A cúpula do Flamengo busca descobrir as razões que levaram à eliminação do time ainda na fase de grupos da Libertadores, após derrota para o San Lorenzo. Não há intenção de caçar bruxas e o técnico Zé Ricardo será mantido. A questão é entender quais erros causaram o desempenho ruim no jogo final, decisivo para a queda.

A intenção dos dirigentes rubro-negros é que toda a avaliação seja feita sem divulgação pública. Isso explica porque o presidente Eduardo Bandeira de Mello tem evitado qualquer crítica ao time ou ao treinador diante dos microfones. A ideia é, ao descobrir os motivos para a queda, estabelecer medidas para corrigi-los sem alarde.
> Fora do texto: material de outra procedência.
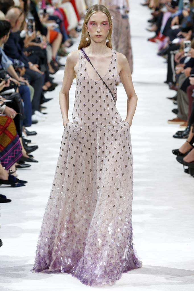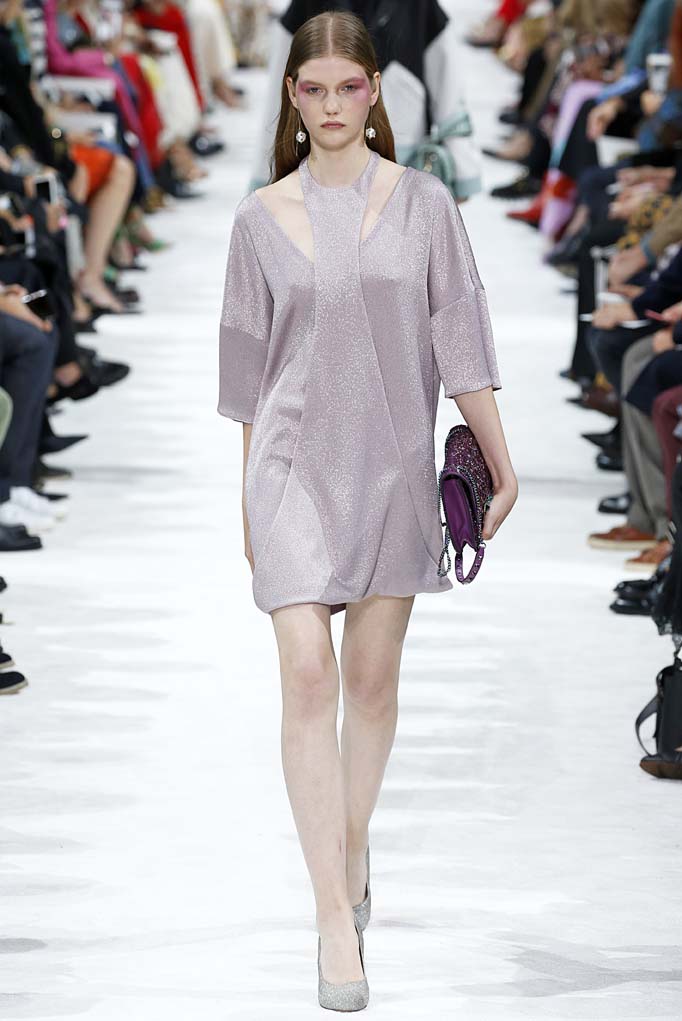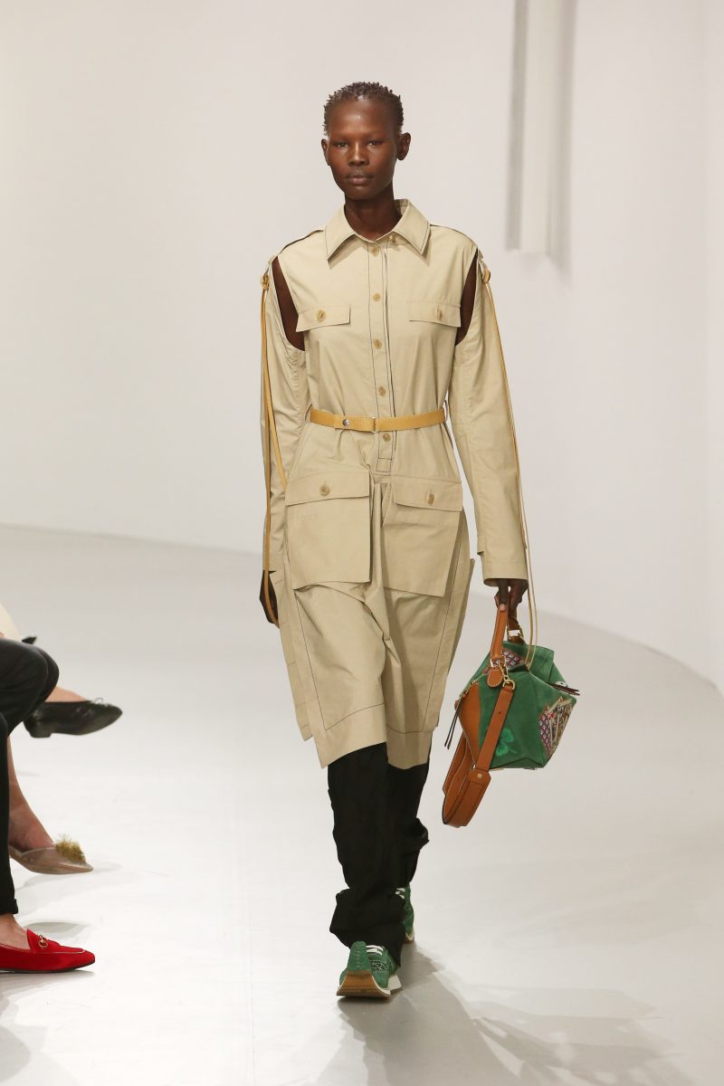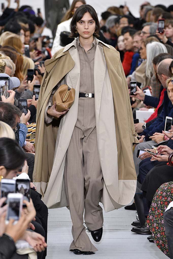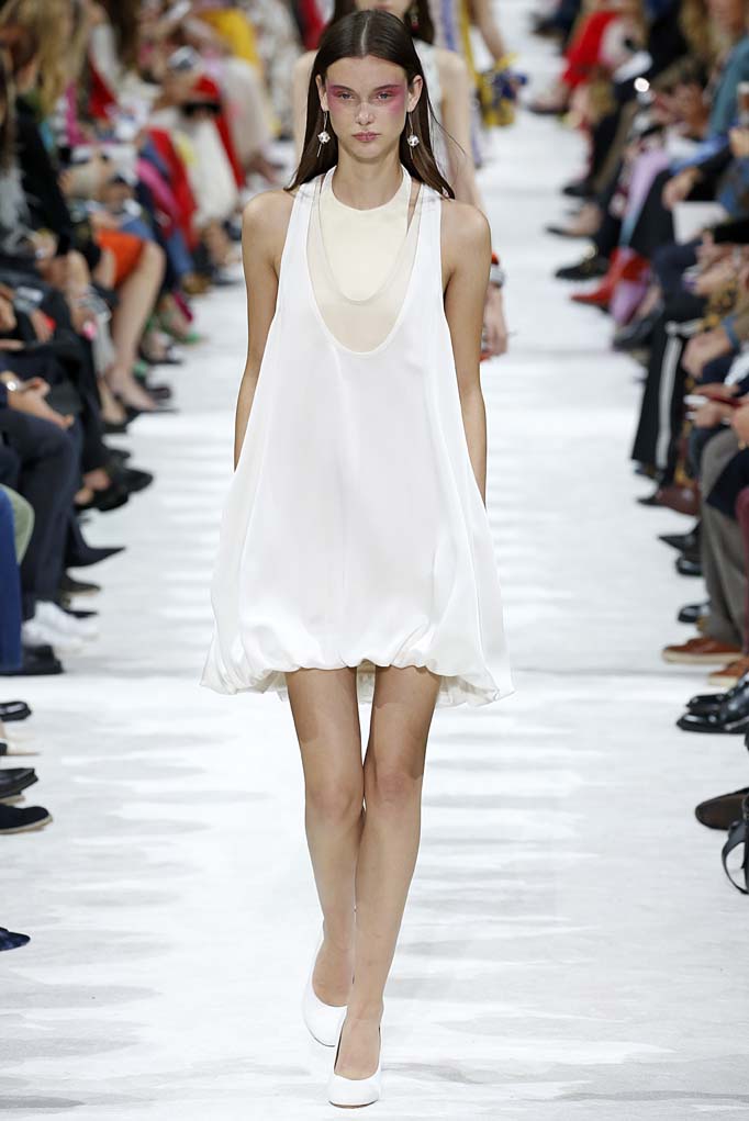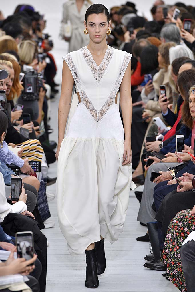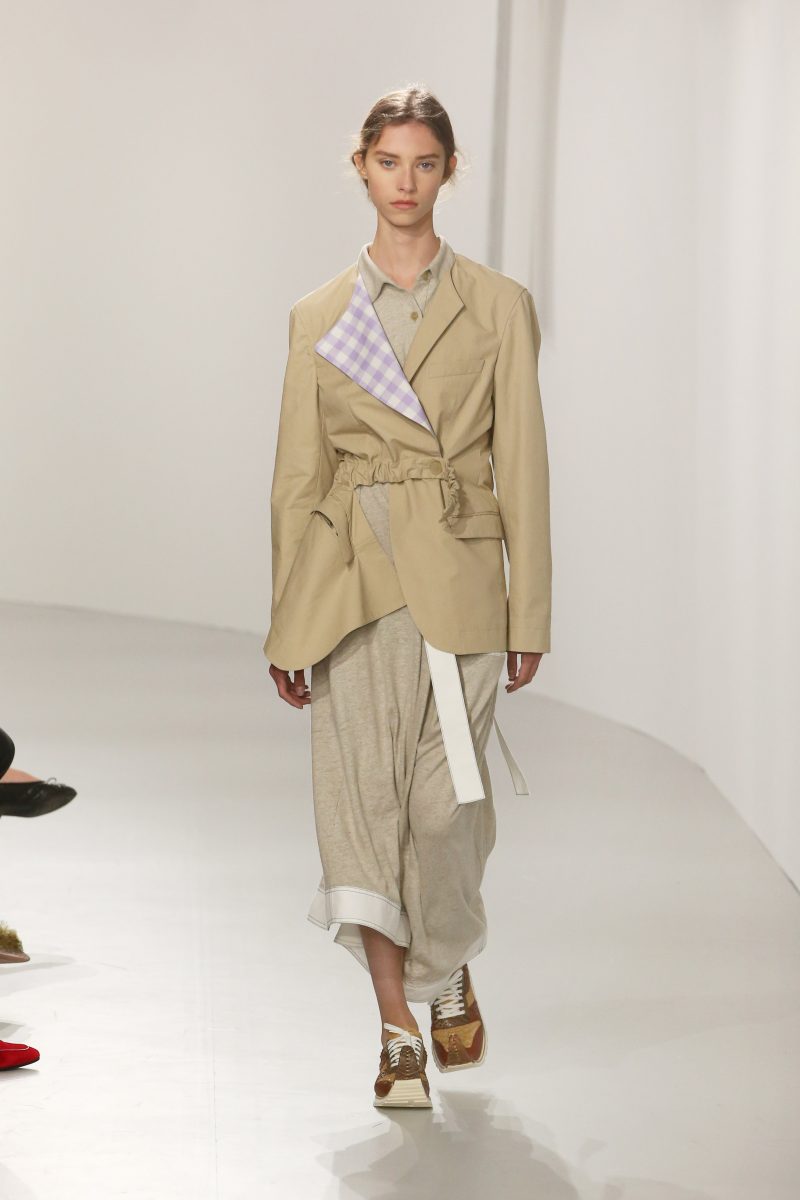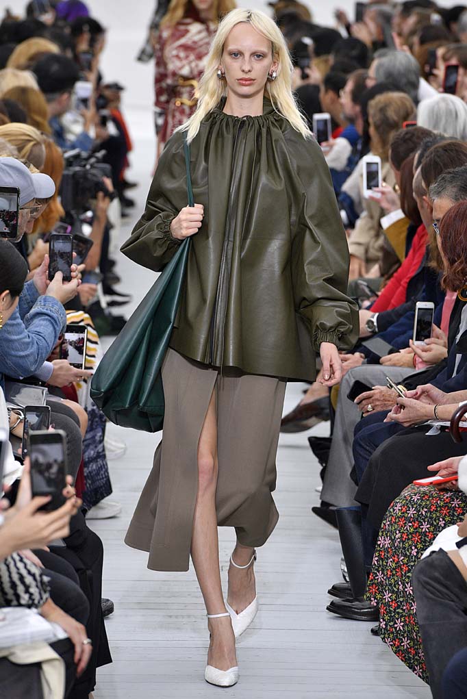 Phoebe Philo has a grand talent for packing in a lot of look into a seemingly effortless ensemble. Her woman gets plenty of design for pieces that won’t fade by next season. For Spring, it was an innovative meditation on tailoring and outerwear. Trenches came double layered in what looked like two coats, but were actually one piece sewn together and looped. In a season when you thought the trench couldn’t be rethought anymore, Philo has succeeded in whipping up one of the most thoughtful versions yet. Suits were also topped off with trenches, some of which connected only on one shoulder and just a portion of the hems. Other suit jackets melded into pleated skirts or came as oversized men’s versions cut off as vests. But for the Céline clientele that errs a bit more conservative there was a beautiful classic ivory version in leather worn on Anna Ewers. And a cut-out white bubble dress with lace details on Vittoria Ceretti will satisfy a more feminine mood. The whole collection highlighted high-impact, but understated fashion with ease. Take a sequined evening gown with an easy silhouette and rolled-up sleeves paired with khaki boots and a trench or an ultra luxe Kaftan-style pink suede dress that looked as easy to throw on as a robe. And Philo was certainly thinking of life as a woman in 2018 when she paired white and platform sneakers with lavender soles with a knit dress or a pair of leggings that looked every bit as sophisticated as the rest.

Entre os pontos de atenção, está o recuo excessivo do time nesta partida diante do San Lorenzo, principalmente no segundo tempo. O Flamengo praticamente abriu mão de atacar: teve apenas quatro finalizações no jogo todo, sendo nenhuma delas em chance clara – o gol de Rodinei foi de longe. Em comparação, houve 13 e 18 conclusões nos outros dois jogos fora na fase de grupo da Libertadores, diante da Universidad Católica e do Atlético-PR.

A falta de eficiência nas divididas foi outro problema. Pelos números da Conmebol, foram seis recuperações de bola rubro-negras contra nove do time argentino.

Outra questão apontada internamente pela cúpula rubro-negra foi uma arbitragem desfavorável. Na opinião dos dirigentes do Flamengo, o árbitro marcou mais faltas para o San Lorenzo, sem assinalar a favor do time carioca. Foram 23 contra o time rubro-negro e apenas cinco a favor. Ressalte-se aí, no entanto, que a equipe carioca se defendeu mais o que explica em parte a diferença.

Há ainda uma sensação de que nem todos os reforços contratados já renderam o esperado, embora alguns tenham resultado positivo. A avaliação é de que há jogadores que ainda podem engrenar no futuro durante o Brasileiro. A diretoria evita citar nomes.

Certo é que a derrota foi bastante sentida na diretoria rubro-negra e portanto o objetivo é encontrar as falhas para ter subsídios para realizar eventuais medidas corretivas no futebol.